Basan Shrestha's Diary: Same Sample Proportion with Different Sample Sizes for Chi-Squared Test for Goodness of Fit, Statistical Note 44

Thursday, November 21, 2019

Same Sample Proportion with Different Sample Sizes for Chi-Squared Test for Goodness of Fit, Statistical Note 44

The level of confidence for statistical significance varies with the variation in the sample size of the same sample proportion.

For example, an expert is interested in knowing the proportion of smokers from the randomly selected sampled respondents. An expert assumes that half of adult population are smokers. An expert administers a question to the adults – Are you a smoker? The respondents respond to one of two categories of response – Yes or No.
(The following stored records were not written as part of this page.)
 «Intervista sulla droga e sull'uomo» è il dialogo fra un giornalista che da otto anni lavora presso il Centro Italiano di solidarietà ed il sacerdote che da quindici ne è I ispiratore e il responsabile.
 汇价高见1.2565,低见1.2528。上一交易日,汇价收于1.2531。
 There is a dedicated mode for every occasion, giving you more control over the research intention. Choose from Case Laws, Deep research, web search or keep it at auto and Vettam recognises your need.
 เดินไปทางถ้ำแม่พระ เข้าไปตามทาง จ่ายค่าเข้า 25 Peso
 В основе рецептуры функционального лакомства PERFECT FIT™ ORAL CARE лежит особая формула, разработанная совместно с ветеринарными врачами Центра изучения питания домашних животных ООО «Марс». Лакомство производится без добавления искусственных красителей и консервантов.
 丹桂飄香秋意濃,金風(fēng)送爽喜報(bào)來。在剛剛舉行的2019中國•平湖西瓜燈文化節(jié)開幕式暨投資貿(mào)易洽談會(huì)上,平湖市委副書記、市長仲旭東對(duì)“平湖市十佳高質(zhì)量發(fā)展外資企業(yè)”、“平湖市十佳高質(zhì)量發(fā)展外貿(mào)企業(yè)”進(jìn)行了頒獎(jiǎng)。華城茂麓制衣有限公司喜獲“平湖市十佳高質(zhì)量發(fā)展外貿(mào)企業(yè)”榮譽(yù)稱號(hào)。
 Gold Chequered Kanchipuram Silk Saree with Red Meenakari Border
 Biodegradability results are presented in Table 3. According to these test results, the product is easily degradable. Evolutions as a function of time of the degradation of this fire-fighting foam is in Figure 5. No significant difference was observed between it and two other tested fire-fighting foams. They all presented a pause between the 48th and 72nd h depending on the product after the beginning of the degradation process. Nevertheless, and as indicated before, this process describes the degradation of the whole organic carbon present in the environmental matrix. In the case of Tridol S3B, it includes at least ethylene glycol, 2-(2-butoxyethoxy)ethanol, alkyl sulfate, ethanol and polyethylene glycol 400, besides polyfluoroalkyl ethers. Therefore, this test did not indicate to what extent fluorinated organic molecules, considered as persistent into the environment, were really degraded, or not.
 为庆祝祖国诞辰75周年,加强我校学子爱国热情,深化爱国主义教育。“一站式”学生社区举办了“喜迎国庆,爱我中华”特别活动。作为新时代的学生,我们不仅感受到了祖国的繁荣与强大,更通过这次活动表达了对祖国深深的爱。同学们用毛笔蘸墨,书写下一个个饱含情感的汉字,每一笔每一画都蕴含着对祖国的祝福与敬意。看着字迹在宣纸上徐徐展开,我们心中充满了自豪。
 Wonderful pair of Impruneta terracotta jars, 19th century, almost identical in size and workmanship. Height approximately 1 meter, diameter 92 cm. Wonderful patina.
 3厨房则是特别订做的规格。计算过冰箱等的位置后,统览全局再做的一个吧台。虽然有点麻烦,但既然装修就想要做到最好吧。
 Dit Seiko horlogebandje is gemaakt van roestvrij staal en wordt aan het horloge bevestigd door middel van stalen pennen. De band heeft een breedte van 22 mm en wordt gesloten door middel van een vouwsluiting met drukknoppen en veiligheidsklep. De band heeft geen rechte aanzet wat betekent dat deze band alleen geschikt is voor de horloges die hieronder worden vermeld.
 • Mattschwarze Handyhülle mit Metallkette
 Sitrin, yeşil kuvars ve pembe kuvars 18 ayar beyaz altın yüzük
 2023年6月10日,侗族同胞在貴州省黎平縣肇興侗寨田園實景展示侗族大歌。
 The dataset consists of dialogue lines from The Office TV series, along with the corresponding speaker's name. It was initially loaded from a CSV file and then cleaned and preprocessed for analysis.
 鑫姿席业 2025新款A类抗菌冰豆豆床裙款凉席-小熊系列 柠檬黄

An expert tries with a sample size of 100 individuals and finds that 55 respondents are non-smokers and remaining 45 are smokers. He uses Chi-Squared test for goodness of fit to test whether the sample proportions of non-smokers and smokers represent the population proportions, using the formula for one degree of freedom as below:

Chi-square = Sum(O_i-E_i)²/E_i

where:

O_i = Sampled/ observed proportion for _ith category

E_i = population/ expected proportion for _ith category

Using above formula, an expert calculates Chi-squared value for 100 samples as:

Chi-square =Sum(O_i-E_i)²/E_i= (55-50)²/50+(45-50)²/50 = 1

An expert is curious and calculates chi-squared values with the same sample proportion of non-smokers but with increasing sample size as below:

Table 1: Sample size with Same Sample Proportion of Non-Smokers, Chi Squared Value and Level of Significance

An expert finds that upto 300 samples, an expert is less than 95 confident that the sample truly represents the population and there remains high sampling error. As the sample size increase from 400 to more, an expert is more than 95 percent confident and sampling error remains lower. Thus, at least 400 sample size is required for the sample proportion of non-smokers equal to 0.55 to significantly outnumber the sample proportion of smokers (0.45). In other words, 400 respondents need to be sampled for 55 percent non-smokers to significantly outnumber 45 percent smokers.